Old: My (American) LITTLE brother turned thirteen. That makes me old. I don't know whether I want to grow up or not, but I'm leaning more towards Not. Oh well.

Puy-en-Velay: I went to Le Puy-en-Velay (a town in the Massif Central) during vacation, too. I visited a cathedral where they had all the bishops' names listed since before 800 AD. I continue to be amazed by how old things can be in France.

Quaint: I got to see the little village where my host mom grew up.

Raclette: It's a traditional winter dish. You melt cheese in a cheese-melter thing and then spread it on potatoes and charcuterie. I liked it (it's essentially just a plateful of animal fat and potatoes) but it's kind of heavy, to say the least. I'm not enthusiastic about having it again because I ended up eating it three times in one week (it's the sort of thing you eat at a Convivial Family Gathering, and if you have three different CFGs all in a row,then too bad for you).

School: Not having to go to school was kind of a relief. I was happier just being with my host family, and there were two other sixteen-year-olds to keep me company (my host brother and his cousine).

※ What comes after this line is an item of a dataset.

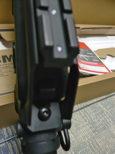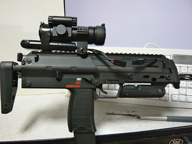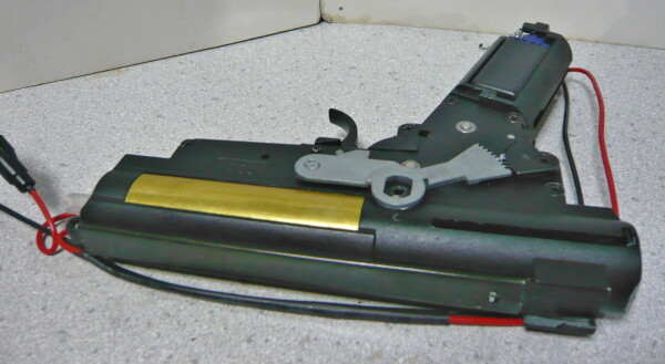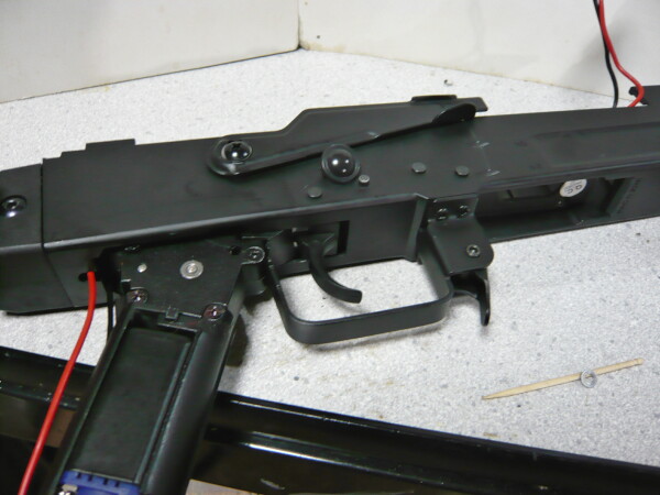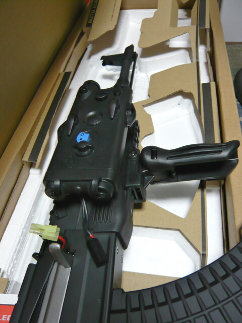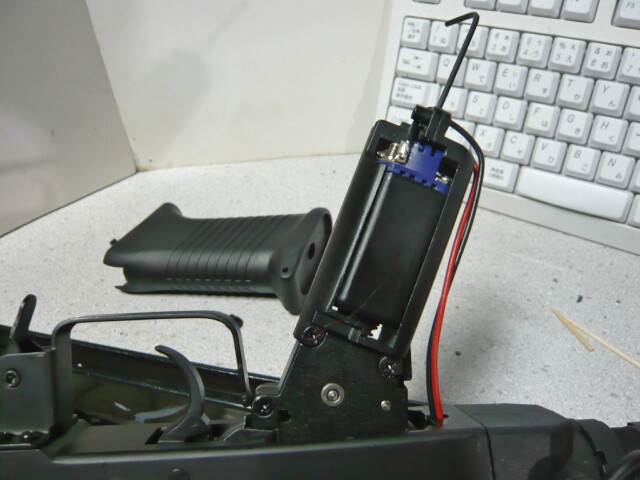 仕方ないのでミニSバッテリーを浮いていたAN/PEQ-2タイプバッテリーボックスに入れて装着。電気が来たので空撃ちしてみると、何か独特な作動音がします。セミオートではキョとドッとジャッが合わさったような音で結構切れが良く、フルオートではヘヒャヒャヒャヒャといった感じの独特な音がします。

Tempête: We took a ferry to Corsica, and it was fine. It took about six hours. We took a ferry back from Corsica, and it was NOT fine. There was a tempête the night we were supposed to leave, so the ferry delayed its departure until the next morning. We had nowhere else to go, though, so we had to sleep in the cabins on the ferry anyway (boarding time: 21h00). It was awfully rocking-y on the boat, even in the port. We left the port at 11 the next morning, and the seas just got rougher and rougher, to the point that the ferry captain opted to take a longer route that was safer because it stayed closer to the coast. So instead of getting to Toulon at 17h00, we got there at 20h00, twenty-three hours after we had gotten on the ferry. It was horrible--the first time I had experienced motion sickness since...since ever, really. Oh well.

Umbrella: (This one's for you, Daddy.) Hervé got one for Christmas and opened it to try it out while we were inside. But no bad luck was forthcoming.

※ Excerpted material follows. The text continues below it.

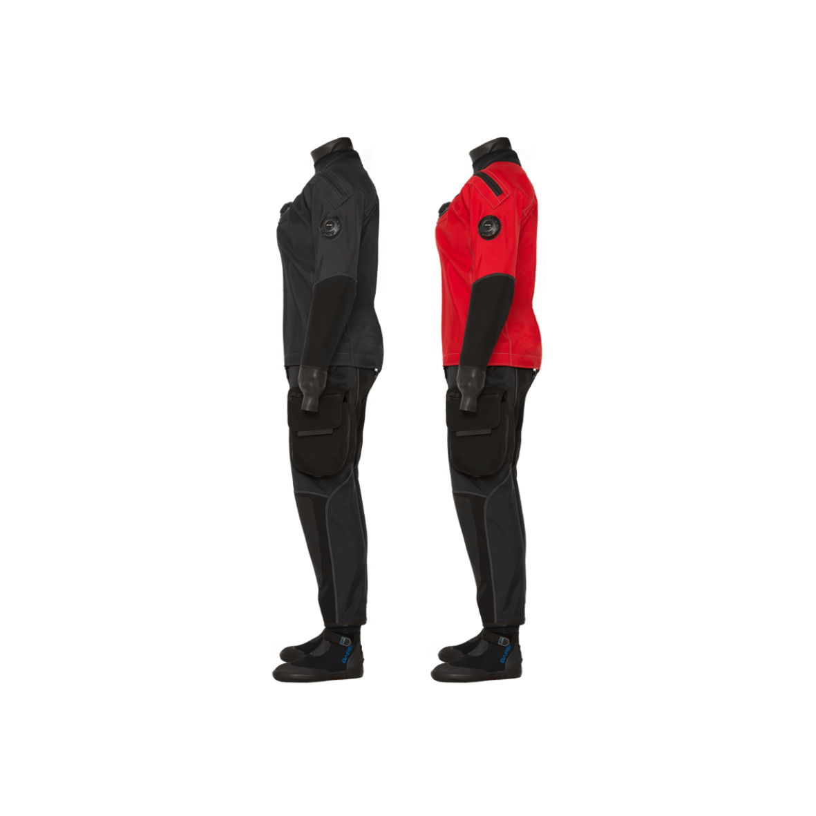 Bare Expedition HD2 Tech Dry standardowo wyposażono w dwie kieszenie techniczne TECH POCKET, które umożliwiają wygodne przechowywanie akcesoriów. Skafander posiada obrotowy zawór dodawczy 360° oraz regulowany zawór upustowy, co pozwala na precyzyjną kontrolę pływalności.

Voeux: The French (or my family anyway) make New Year's wishes in addition to resolutions. I decided I like that tradition better, so this year I just made wishes. (They're secret.)

Writing: I wrote in my journal every day, comme d'hab.

eXtraordinary: It was an eXtraordinary vacation in an eXtraordinary year for an ordinary but eXtraordinarily grateful girl.

Yule log: (bûche de Noël but I've already used B and N) The traditional Christmas dessert in France is a cake decorated to look like a log. I know the history but it's not that interesting so I'll skip it. I think I ate de la bûche de Noël on four separate occasions? Yes, four. We had a lot of people to celebrate Christmas with.

Zig: I played Scrabble in French with both grandmothers, one of whom is a serious internet Scrabble player. ZIG is an accepted word, as is WU. I'll never use them in conversation, but they're worth lots of points in Scrabble, so they're useful acquisitions. I guess.

Tuesday, January 5, 2010


I'm happy.

I had all sorts of adventures over Christmas break (like being on a ferry during a tempest, and eating roasted chestnuts for the first time [not simultaneously]), and I may post about them soon but not now because I have to go to school.